An exact copy of the listing is required, with its pictures removed.

Source data:
---*---

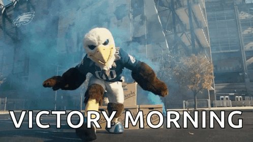 Philadelphia Eagles mascot Swoop celebrates 'Victory Morning' outside a stadium with blue smoke.
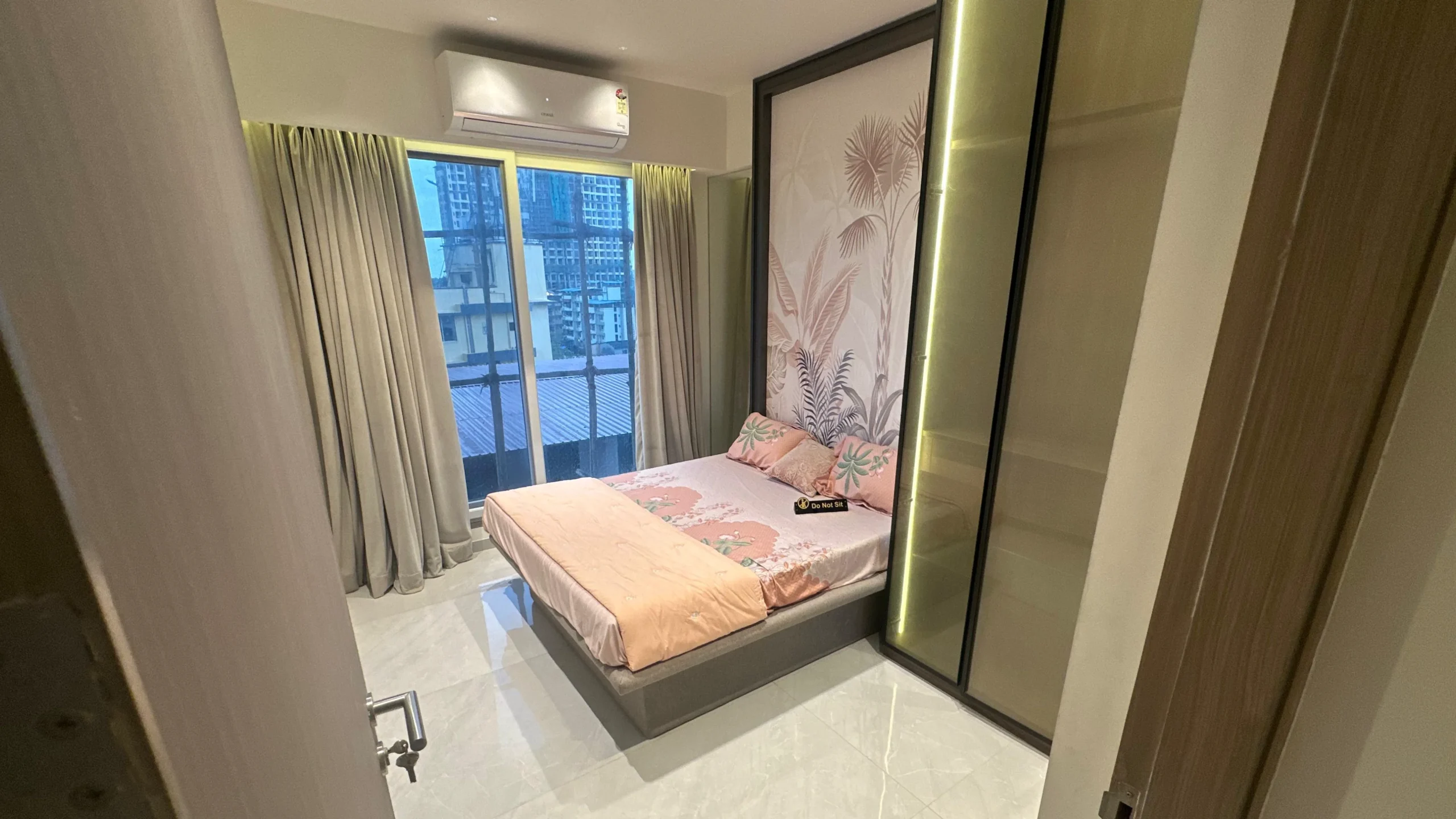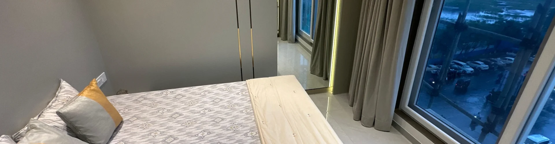 - Bedrooms: Two well-appointed rooms (primary approx. 10×12 ft, secondary 10×10 ft) with laminated wooden flush doors, built-in wardrobes, and electrical points for AC, fans, lights, and TVs.
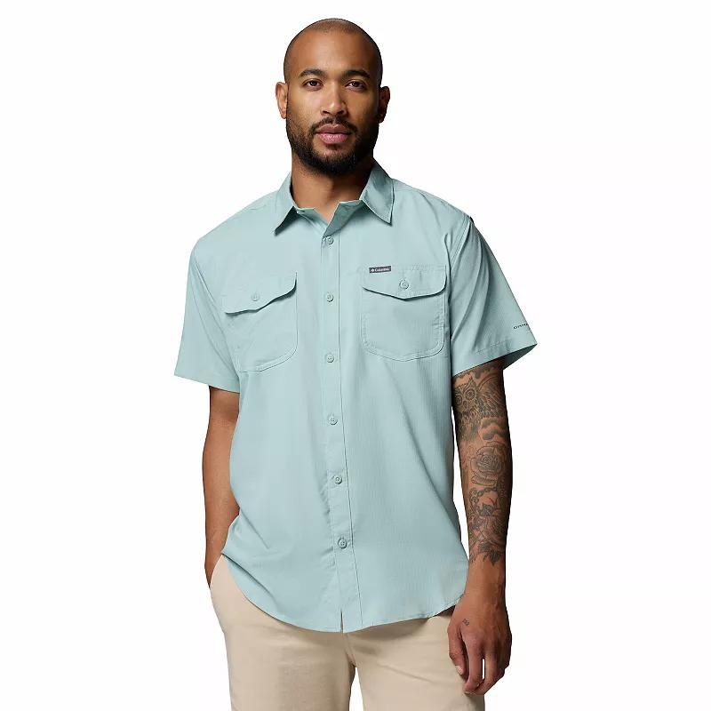 Explore your world in style and comfort with this mens button-down shirt from Columbia.Watch the product video here.Omni-Wick moisture-wicking fabric blend keeps you dry and comfortableOmni-Shade UPF-40 sun-blocking protectionAntimicrobial treatment protects product from bacterial growthQuick-dry technologyVented hemsPoint collarButton front2-pocketShort sleevesFIT & SIZINGRegular fitFABRIC & CAREPolyesterMachine washImportedThe antimicrobial properties do not protect users or others against bacteria, viruses, germs, or other disease organisms. Size: 1XB. Color: Charcoal. Gender: male. Age Group: adult. Pattern: Solid.
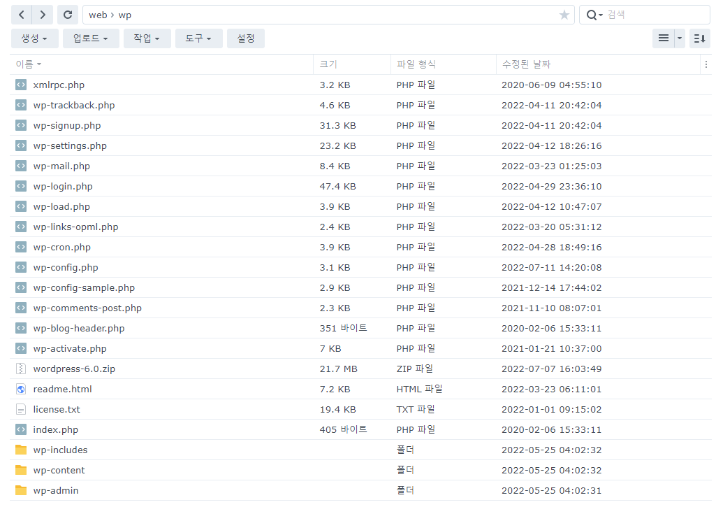 다운로드 받은 워드프레스 압축파일을 web 폴더에 업로드 하고 압축해제 합니다. 그 후 폴더 이름을 원하는 이름으로 변경합니다. 저는 wordpress로 변경했으며, 이 폴더에 워드프레스가 설치 완료되면 도메인 + 폴더이름 경로인 https://syaccount.synology.me/wordpress로 접근이 가능합니다.
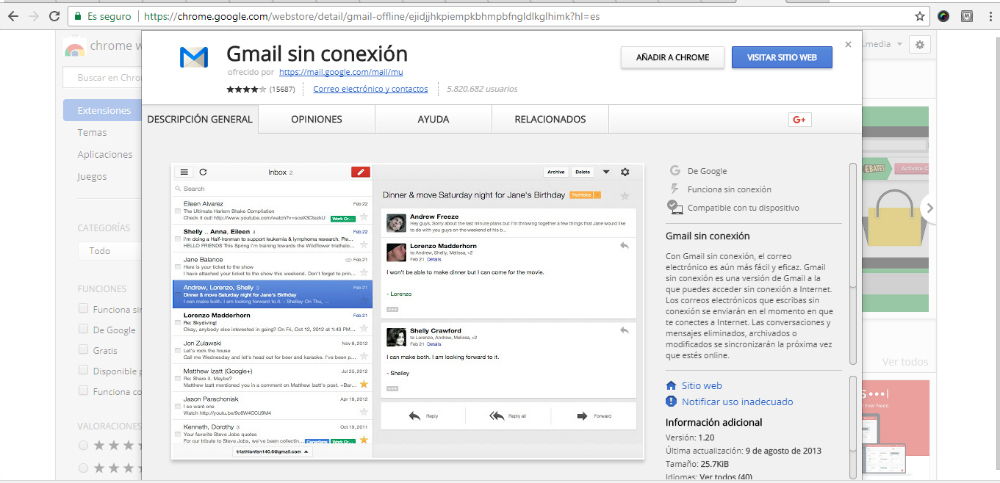 Gmail Offline mientras estés conectado para que se sincronicen tus emails a tu disco duro.
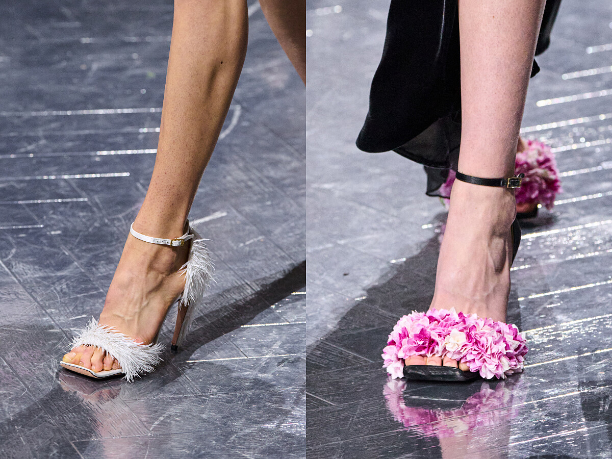 這種對真實與虛構之間界線的玩味,延伸至鞋履與珠寶之中。鞋履設計以 Roger Vivier 曾為Dior 打造的微翹方頭為靈感基礎,再加以當代轉化。Johnathan Anderson 也將絲質粉色仙客來花瓣鑲嵌於鞋面,延伸本季的花卉語境。
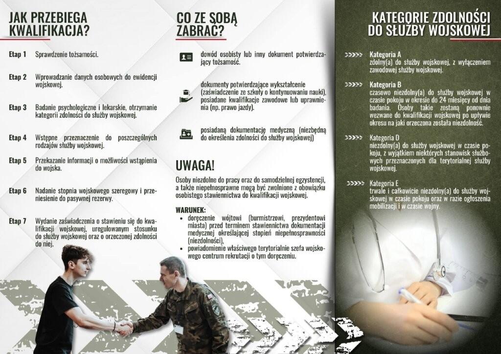Kwalifikacja wojskowa to także doskonały moment, aby dowiedzieć się, jakie możliwości daje dzisiejsze Wojsko Polskie. Każdy, kto odwiedzi powiatową komisję, lekarską może porozmawiać z przedstawicielem Wojskowego Centrum Rekrutacji o Dobrowolnej Zasadniczej Służbie Wojskowej, Terytorialnej Służbie Wojskowej, czy o uczelniach  wojskowych i szkołach podoficerskich oraz spotkać się z żołnierzami z jednostek wojskowych, którzy będą prezentować specyfikę służby wojskowej w swojej macierzystej jednostce wojskowej wraz z indywidualnym wyposażeniem żołnierskim.
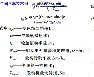 对于变速器的速比设计要满足最高车速和最大爬坡角要求,变速器两挡速比要满足下面两式,即:
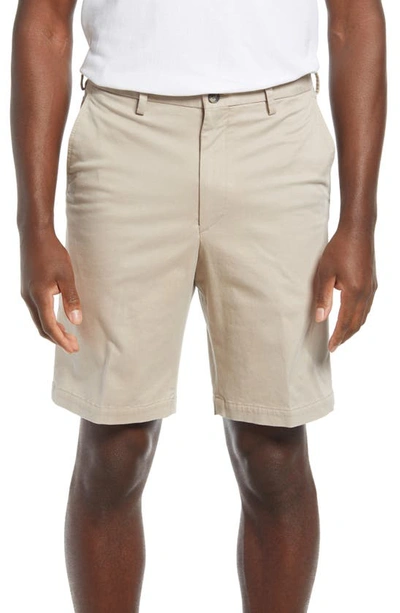 Classic Flat Front Chino Shorts In Stone
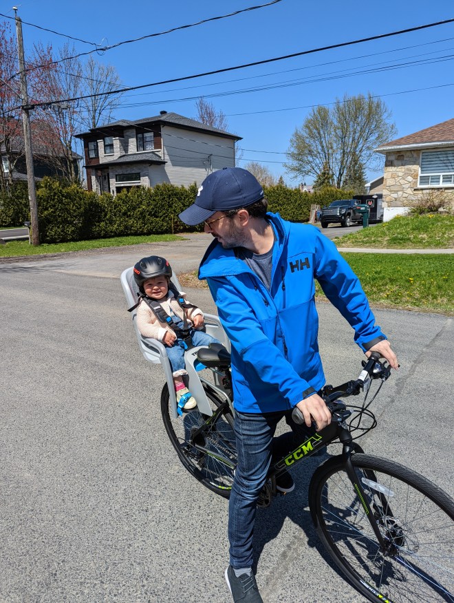 We are really lucky to be a few hundred meters away from a relatively safe biking path and we often take my daughter to bike with us – Nicolas cycles to his grandparents (which is about 40k back and forth) almost every weekend. I think it is important to teach your kids healthy modes of transportation from the start and if someone was ever to report me for anything like that, I am going to tell them to **** off.
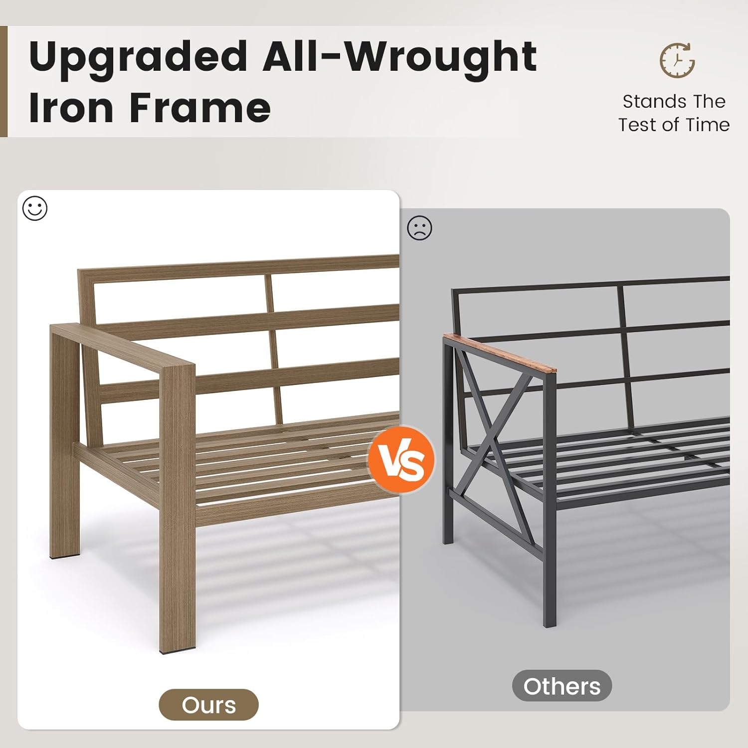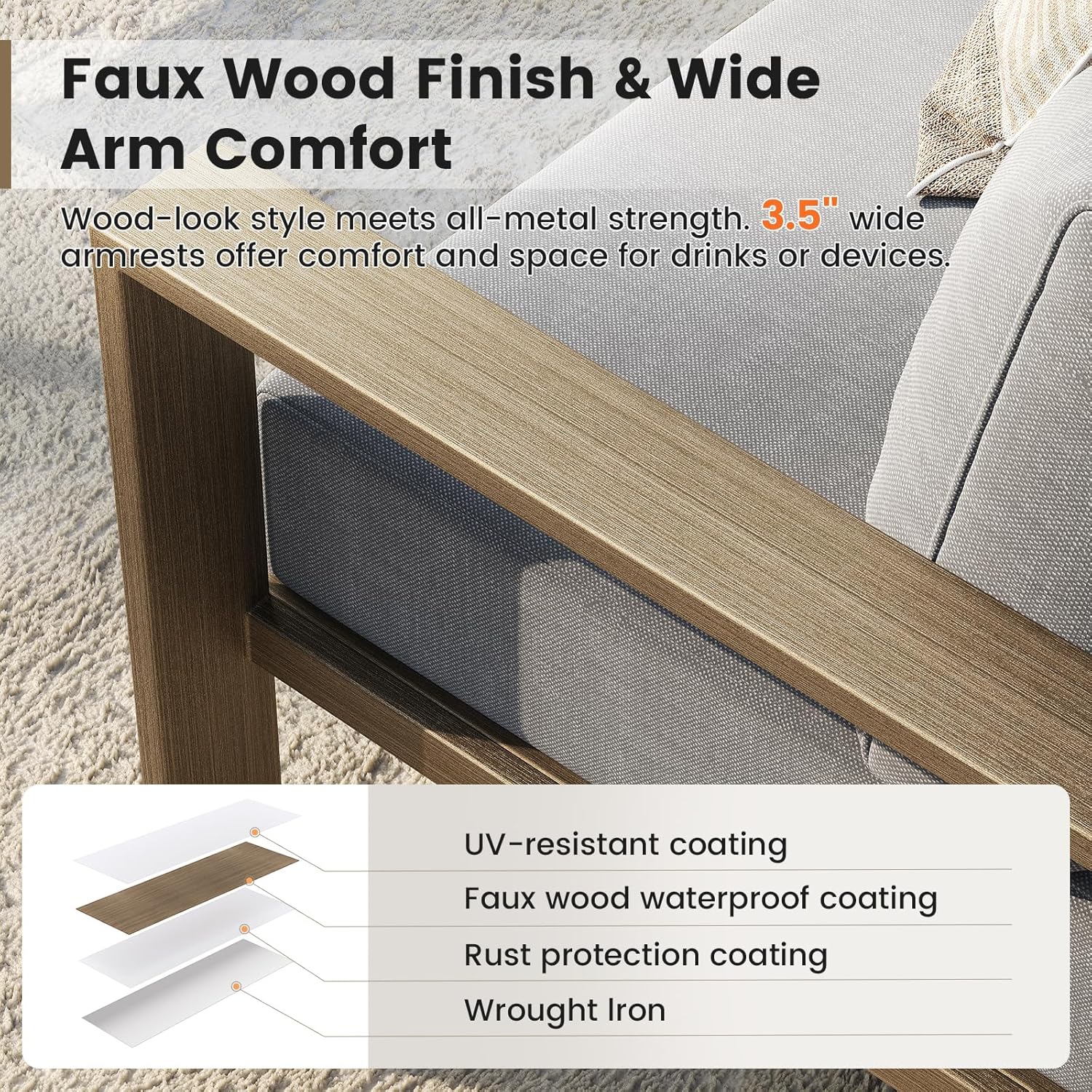 - Tough Frame with Faux Wood Finish: This outdoor patio furniture set features a stylish faux wood grain finish on powder-coated wrought iron, combining the look of wood with the strength of metal. This finish protects against rust, scratches, and weathering—extending the outdoor sectional furniture lifespan with minimal upkeep.

---*---

Task output:
 Philadelphia Eagles mascot Swoop celebrates 'Victory Morning' outside a stadium with blue smoke.
 - Bedrooms: Two well-appointed rooms (primary approx. 10×12 ft, secondary 10×10 ft) with laminated wooden flush doors, built-in wardrobes, and electrical points for AC, fans, lights, and TVs.
 Explore your world in style and comfort with this mens button-down shirt from Columbia.Watch the product video here.Omni-Wick moisture-wicking fabric blend keeps you dry and comfortableOmni-Shade UPF-40 sun-blocking protectionAntimicrobial treatment protects product from bacterial growthQuick-dry technologyVented hemsPoint collarButton front2-pocketShort sleevesFIT & SIZINGRegular fitFABRIC & CAREPolyesterMachine washImportedThe antimicrobial properties do not protect users or others against bacteria, viruses, germs, or other disease organisms. Size: 1XB. Color: Charcoal. Gender: male. Age Group: adult. Pattern: Solid.
 다운로드 받은 워드프레스 압축파일을 web 폴더에 업로드 하고 압축해제 합니다. 그 후 폴더 이름을 원하는 이름으로 변경합니다. 저는 wordpress로 변경했으며, 이 폴더에 워드프레스가 설치 완료되면 도메인 + 폴더이름 경로인 https://syaccount.synology.me/wordpress로 접근이 가능합니다.
 Gmail Offline mientras estés conectado para que se sincronicen tus emails a tu disco duro.
 這種對真實與虛構之間界線的玩味,延伸至鞋履與珠寶之中。鞋履設計以 Roger Vivier 曾為Dior 打造的微翹方頭為靈感基礎,再加以當代轉化。Johnathan Anderson 也將絲質粉色仙客來花瓣鑲嵌於鞋面,延伸本季的花卉語境。
Kwalifikacja wojskowa to także doskonały moment, aby dowiedzieć się, jakie możliwości daje dzisiejsze Wojsko Polskie. Każdy, kto odwiedzi powiatową komisję, lekarską może porozmawiać z przedstawicielem Wojskowego Centrum Rekrutacji o Dobrowolnej Zasadniczej Służbie Wojskowej, Terytorialnej Służbie Wojskowej, czy o uczelniach  wojskowych i szkołach podoficerskich oraz spotkać się z żołnierzami z jednostek wojskowych, którzy będą prezentować specyfikę służby wojskowej w swojej macierzystej jednostce wojskowej wraz z indywidualnym wyposażeniem żołnierskim.
 对于变速器的速比设计要满足最高车速和最大爬坡角要求,变速器两挡速比要满足下面两式,即:
 Classic Flat Front Chino Shorts In Stone
 We are really lucky to be a few hundred meters away from a relatively safe biking path and we often take my daughter to bike with us – Nicolas cycles to his grandparents (which is about 40k back and forth) almost every weekend. I think it is important to teach your kids healthy modes of transportation from the start and if someone was ever to report me for anything like that, I am going to tell them to **** off.
 - Tough Frame with Faux Wood Finish: This outdoor patio furniture set features a stylish faux wood grain finish on powder-coated wrought iron, combining the look of wood with the strength of metal. This finish protects against rust, scratches, and weathering—extending the outdoor sectional furniture lifespan with minimal upkeep.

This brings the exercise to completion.